第12話 綾乃の別の顔

 ティアラを載せる位置あたりの髪を無造作に掴まれる綾乃が声をあげる。


「ひゃあっ!」


「脚を大きく広げてごらん。爪先を左右に外へ逃す感じ」


 恐る恐る股関節とかかとを駆使する綾乃。


「ようし、よくできたね」

 

 亮介の左手の電気マッサージ器が唸り出す。同時にヘッドが綾乃の鼠蹊部そけいぶに押し当てられて、ほぐしくていく。


「ぁ……あ……」

 

「さぁ、このまま気持ちよくして欲しかったら、ここからは頑張って立ってないとね、わかった?」


 前髪を掴まれたまま綾乃がうなずき、猫撫で声で言う。


「うん……わかったけど……」


「じゃ、止めるね」


 キッパリと亮介が言い、部屋に静寂が戻る。


「いや、やめないで――」


「頑張れそう? 立っていられそう?」


「うん、うん……」


「涼ちゃんに、綾乃の全てを見てもらいたい?」


「そんなこと言わない……で……」


 亮介は前髪を掴んだ綾乃に顔を近づけ、意地悪そうに言った。


「見てもらいたい?」


「うん……だからお願い……」

 

 綾乃の返答直後、部屋には再びバイブ音が共鳴する。亮介はヘッドを上へとずらしていく。綾乃の声はまた一段と高くなる。

 

 高くも低くもない、うわごとのような声。骨格のない軟体動物が声を発するとしたらこんな音だろうか。振動音も相俟あいまって、よこしまな愉楽に身をやつしている様子は普段の綾乃からは到底想像できないものだった。

 

「よくできたね、お利口。じゃ、そろそろ大好きな涼ちゃんにもしてもらう?」


 綾乃の顔がパッと明るくなり、大きく2回頷いた。綾乃の正面にひざまずく涼介に亮介が言う。
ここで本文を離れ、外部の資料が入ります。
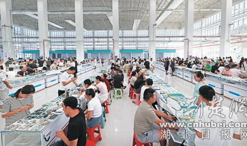 从竹山县城出发,经麻安高速,约25分钟便到达麻家渡镇。该镇是全国绿松石集散中心,获评中国“淘宝镇”,镇内营盘河村、罗家坡村被命名“淘宝村”。集镇沿305省道而建,加工、销售绿松石的商铺一个挨一个,绵延3公里,被称为“宝石一条街”。每天,各家店铺的工作人员直播、雕刻、抛光,忙得热火朝天,从天南海北来这里“淘宝”的人也是络绎不绝。
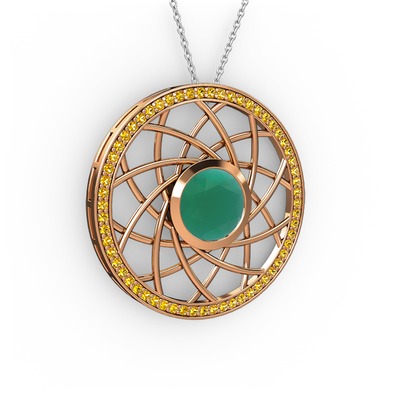 Kök zümrüt ve sitrin 8 ayar rose altın kolye (40 cm beyaz altın rolo zincir)
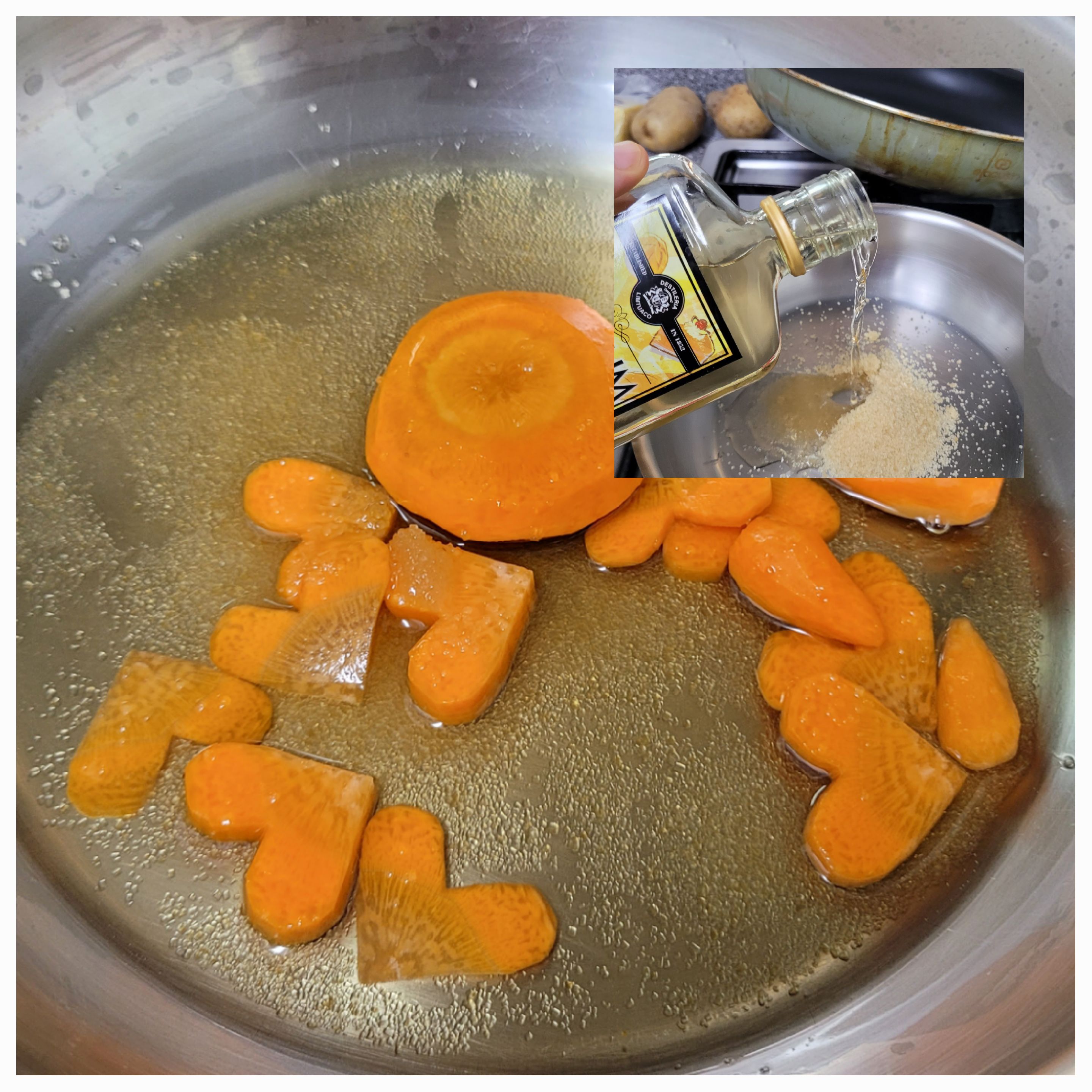 당근을 예쁘게 깎아 설탕과 럼으로 졸이면모양도 예쁠 뿐더러 맛까지 있어집니다.
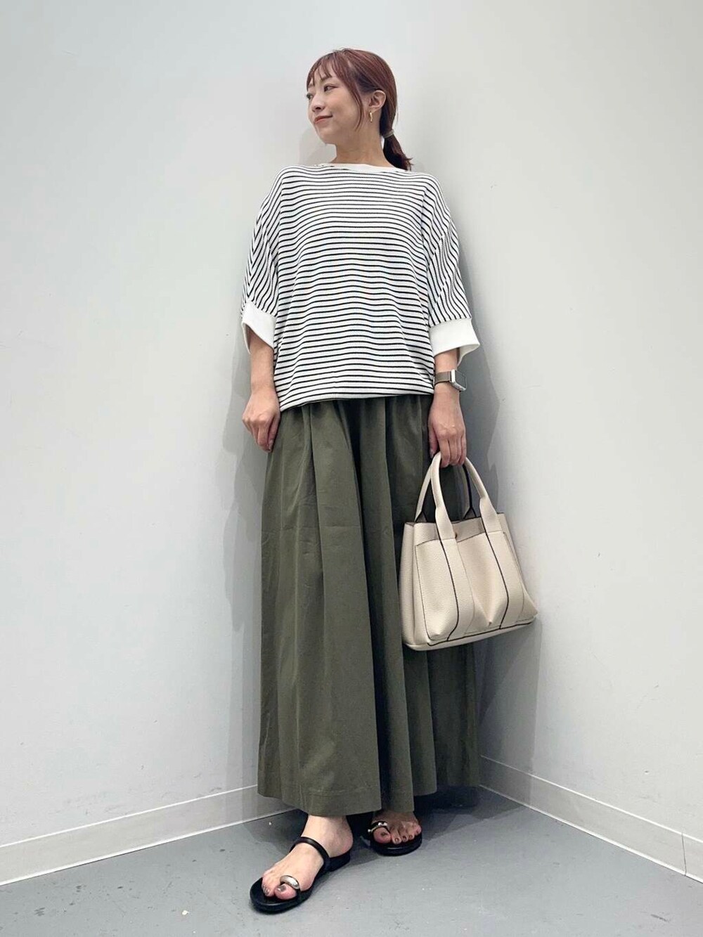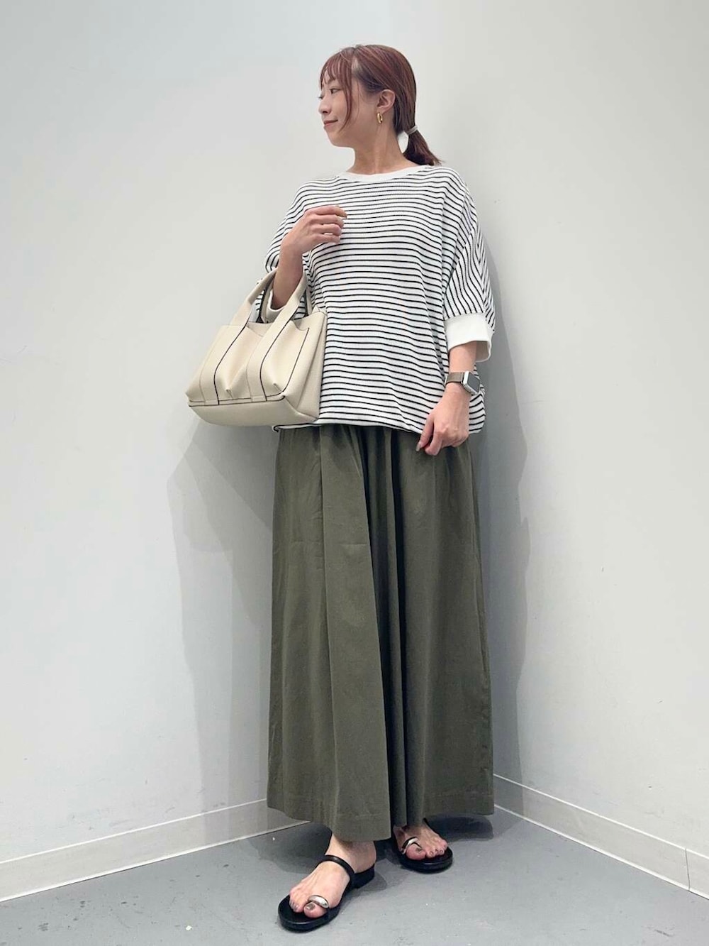 トップスはゆっとりとしたサイズ感で着やすく、

「俺はサブに回るから、涼ちゃんは好きなようにしてみていいよ」


「は……はい!」


 若干の戸惑いが有りながらも、涼介は迷わず唇を綾乃に寄せていくのだった。


「涼ちゃん……お尻……叩いてぇえん……」


 涼介が一瞬固まる。


「そんなに難しく考えなくていいよ。音だけ出してみる感じで叩いてみて」


(パン――)


「もっと……もっと……」


 

(パンッ、)

「ぁあっ!」


(パンッ、)

「ぁあっ!」

 

(パンッ、パンッ、パンッ――)

「ぁはっ……涼ちゃん……ごめんなさい……あたし……あたし悪い子なの……」


 

 綾乃の表情の崩れ方は泣き笑いに近かった。まだ滴ってはいないが、涙混じりの声。

 焦らされ、自白させられ追い詰められ、ついには被虐要求とカミングアウトにまで。


 (綾乃さん……綺麗だ……)

 

 出会ってから1週間。自分を男にしてくれた大人の女。

 下から見上げたあの時とはまるで違う、もう一つの素顔。

 

 大きく息を吸った涼介は、新しい顔を見せてくれたこの人妻に再び恋をした。